Now, if your plan is to use a microcontroller with a built-in USB bus, for example, this idea does not work so well, since the data probably needs to go into the microcontroller in order to come out of the microcontroller's USB pins. But for many interface translations, this microcontroller as traffic cop idea is applicable.

So in the above (ROM, not mass storage) case, the one chip you would add would be a Flash or EEPROM. Something with 4 Mb or even 8 Mb is cheap these days. Then you just use the microcontroller to translate the address the Mac is supplying to whatever address you want to actually access on the EEPROM.

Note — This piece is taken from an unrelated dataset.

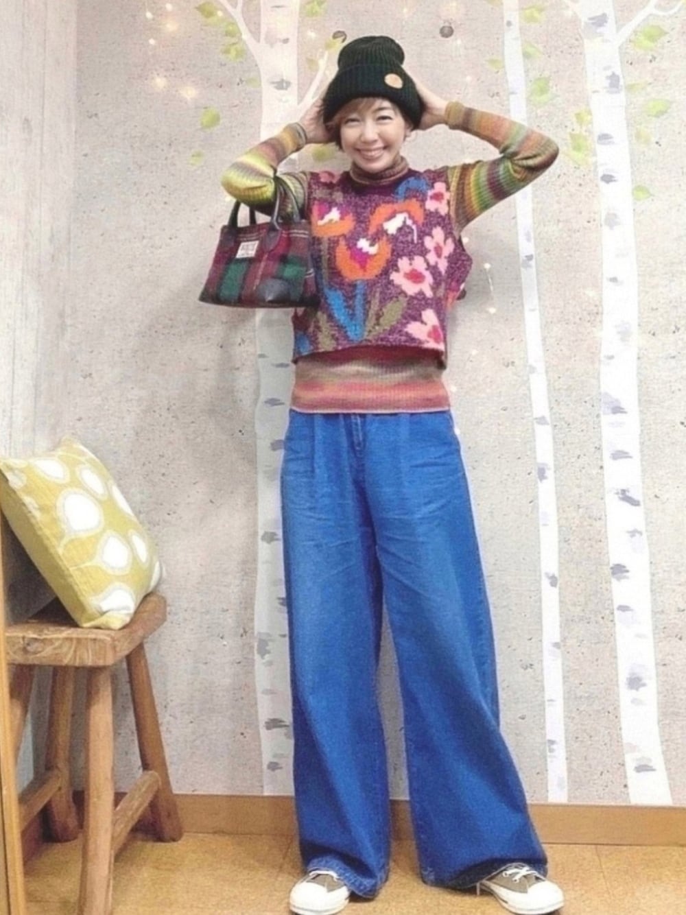 こんばんは! 大好きなツモリチサトのお花ニットシリーズを見つけました✨✨ ピンクベースのベスト♡ 後ろはボタンになってて、多分2wayです。 なかなか出会えないと思ってたから、 うれしい♡うれしい♡うれしいよ〜♡♡♡ せっかくだから同じツモリチサトのマルチボーダーのタートルニットと合わせてみました✨✨ ツモリチサトは昔のものを発掘作業しています。 復刻版もちょいちょい出ていて嬉しいのですが、 辞典のようなツモリチサトさんの本が出ていて、 本には年表があり、この年代にはこのお洋服が作られたとか書いてあり、(小窓参照) それを見てるだけで夢いっぱい✨✨ コーデも斬新✨ やっぱり柄柄合わせ‼️ 真似できんけど、可愛いっ♡ 年表でウキウキするなんて、 戦国時代か幕末かくらいだったのに😂🤣 (それもどーかと、、) Aネット系から離れた時はもうお洋服作らないの?って心配したけど、 独立してファンの為に、量産しないやり方で続けていかれるのを知り、 また素晴らしいなぁと思いました。 量産しては廃棄されるのはお洋服がかわいそう。 流行りが終わったから捨てられるお洋服もしかり。 親から子へ受け継がれるようなお洋服であって欲しい。 なるべく物が捨てられることがなくなれば、 地球温暖化を防ぐこともできるし。 これから先、小さい子達が生きていく世の中が住みやすい世界であって欲しい✨ だからこそ、量産型をやめたツモリさんが大好きだ!!
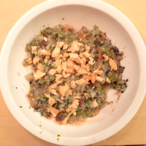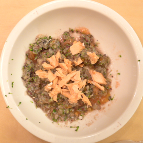【夕ご飯】鰆(長崎)7g 黒豆納豆3g 鳴門金時10g きゃべつ5g ブロッコリ5.5g りんご20g 黒ごま1.5g 昆布0.2g 石榴5g ebi1T bio2/3g EsC0.3g VC0.05g Zn1/8T小岩井10g 湯100cc

And that also brings up another thing. i could make a small little lightweight app you could run that would set the hardware to boot from the 64k rom or 128k rom.
because if i use an ATmega256, i could fit both ROMs in just the flash area. and use a control byte written into its eeprom to decide which one to boot from. simple enough, i would just have to give that control byte its own address space on the macintosh buss. just write a $01 or a $02 into that address space will determine which ROM to boot from.
Why not use an address in PRAM? I bet there's an unused one you could hijack. Then you'd just need a way for the ATmega256 to read the PRAM contents at boot up without interference from the 68000. I think there's a pin that will hold the 68000 inactive while the ATmega256 sneaks around behind its back.

Of course, if you follow this road to its conclusion, you'll figure out how to emulate the whole Mac in hardware, and simply build a replacement for all the slow hardware sitting in a microcontroller. :) But one thing at a time.

You might also want to take a look at the MCF522xx cold fire chips. The demo and development boards cost a bit ($99 & $300 respectively) but individually, the raw chips are cheap and the controllers are very capable.

 

techknight

Well-known member
I was working on an infocus projector unit that used coldfire microprocessors. but ill save that for another day another topic another forum. hehe.

As far as the idea i had, i was going to use the internal flash of the ATmega to hold the ROM images instead of an external chip, that way i can use less chips as possible. probably use a simple mainloop subroutine that looks at the address, does some simple address math and fetches the databyte on a read call. then the ports are switched on and outputted on the ports during an OE=true request. and anytime the OE is false, i tri-state the port outputs of the AVR into a high-Z state, probably not necessary but ill do it anyway. if i ran the atmega at 18 or 20mhz, it wouldnt really be a bottleneck for address/data fetches as the macintosh is running a mere 8mhz.